Look through the entries below for the string "Figura", and copy each line where it is found.

··· Data for this task

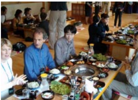
ICR members in a typical Korean restaurant

The annual ICR conference in Korea has been concluded with a lot of wonderful papers and discussions. We have heard there many useful reflections on the main theme of regional development and intangible heritage by our keynote speakers, excellent examples of intangible heritage from Korea that enabled us to have a glimpse into this rich heritage and culture that we would like to know more about. Pansori tradition, Sunbi people, tea ceremonies, local festivals and customs are traditions that many of us encountered for the first time in this beautiful and hospitable country. Extensive educational programmes and events for local community as well as for foreign visitors, together with performing arts that showed us the fascinating world of the intangible heritage, prove that Korea is a great place to explore the conference theme.
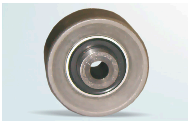
Figura 1: 532 0289 10 – Versiunea din metal
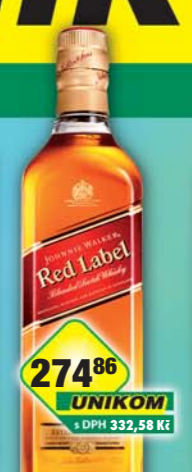
STOCK Plzeň-Božkov s.r.o., Johnnie Walker Red Label 40% 0,7l, obj.č.53318738
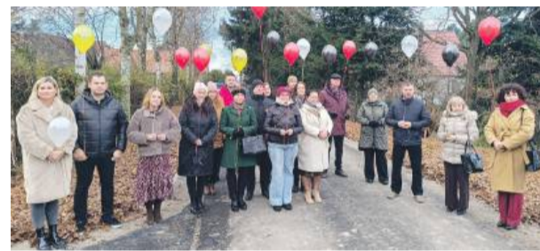
W kameralnej uroczystości w Księżycach udział wzięli przedstawiciele samorządu gminnego, powiatowego i wojewódzkiego, a także wykonawcy zadań.
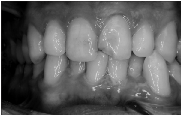
Obr. 1. Nekomplikovaná fraktura zubu 21 u pacienta s mentální retardací středního stupně.

Příkladem pacienta, kterého se nám podařilo převést z ošetření v celkové anestezii k ambulantním výkonům, je 24letý muž s mentální retar-
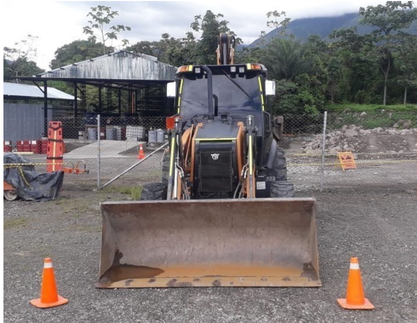
Fotografía No. 3 Vista Frontal
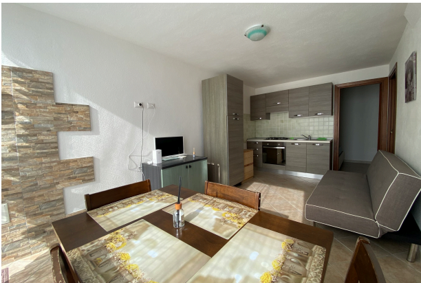
SOGGIORNO CON ANGOLO COTTURA
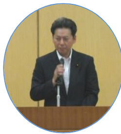
中村市議会議長御挨拶
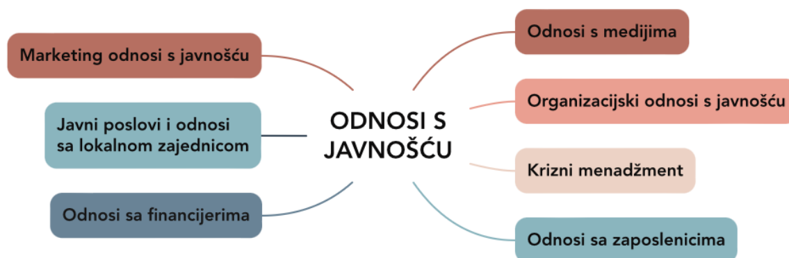
Slika 2. Podjela oblika odnosa s javnošću
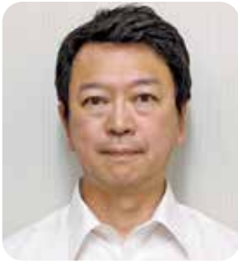
理事／松山支部長 松山支部第1地区会長
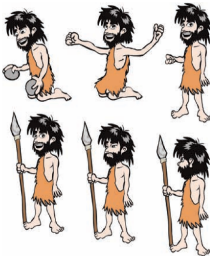
Figura 1.1 El hombre prehistórico necesitaba saber cuántas y cuáles eran sus pertenencias.

Pensemos en el hombre prehistórico, que necesitaba conocer cuáles y cuántas eran sus pertenencias para poder sobrevivir. Por tal motivo empezó a usar su ingenio y a usar los dedos de sus manos, con los cuales aprendió a contar. Después, con las necesidades de la sociedad y el crecimiento de las distintas culturas y negocios se hizo factible la administración de los recursos, propiedades y bienes.
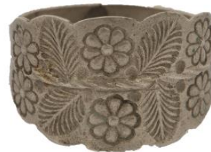
ERM A 509:6976 (u 1845)

Säilinud esemetele tuginedes kandsid Käinas nii naised kui mehed sõlgi ja muid ehteid. 396 Lähtuvalt ehte väärtusest ja nende kandjaskonna hulgast võiks eeldada, et neid võidi varastada ja sellest lähtuvalt neid kohtus käsitleda sagedasti, kuid vastupidiselt on nende kohtuprotokollides esinemine peaaegu olematu. Ainuke mainitud ehe on naise sõrmus, mis olevat tehtud hõbenoa peast. 397 Teaduskirjandusele tuginedes võib järeldada, et tegemist võis olla piduliku kihla- või laulatussõrmusega, kuna neid valmistati hõbedast. 398 (Joonis 26.)
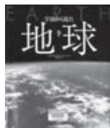
宇宙から見た地球

◆ダイナミックに呼吸する地球の全体像を最新の膨大な衛星画像データを駆使して見せる高精度の写真集「大地・水・大気・火」という4つの視点から地球のさまざまな実像に迫る。
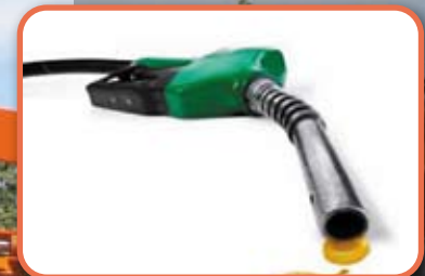
НОВАЯ топливосберегающая система управления
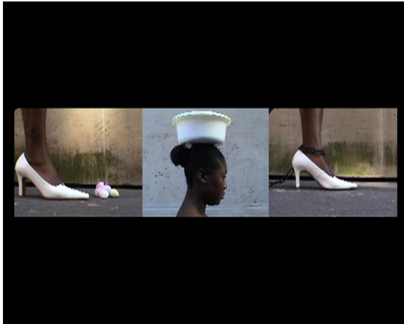
Elément , 2005, Vidéo numérique, 10, 03 mn Collection de l'artiste © Michèle Magma
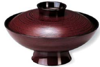
7-205-6 (12025540) ¥3,050 溜刷毛目内黒 TA
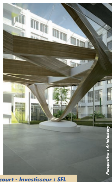
Perspective : Anifactory
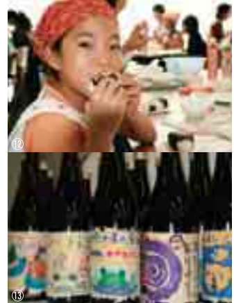
⑦田んぼに入って雑草取り。⑧⑨かかしづくりに挑戦。力作が勢ぞろい！⑩昔ながらの農具を使って脱穀。⑪みんなの努力で見事に実った稲穂。⑫「おいしい〜」自分たちでつくったお米の味は格別。⑬子どもたちがラベルを手作りした、世界でたったひとつのお酒。お父さんお母さん大事に飲んでね！

2004年に引き続き、2005年度も首都圏を中心に約2,000人もの応募があり、約100名のご家族が4月から始まった「TaKaRaお米とお酒の学校 2005」に参加しています。
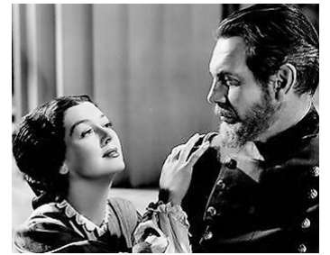
1947 LE DEUIL SIED À ÉLECTRE (Mourning becomes Electra) de D. Nichols avec R. Russell

······

Answer for this exercise:
Figura 1: 532 0289 10 – Versiunea din metal
Figura 1.1 El hombre prehistórico necesitaba saber cuántas y cuáles eran sus pertenencias.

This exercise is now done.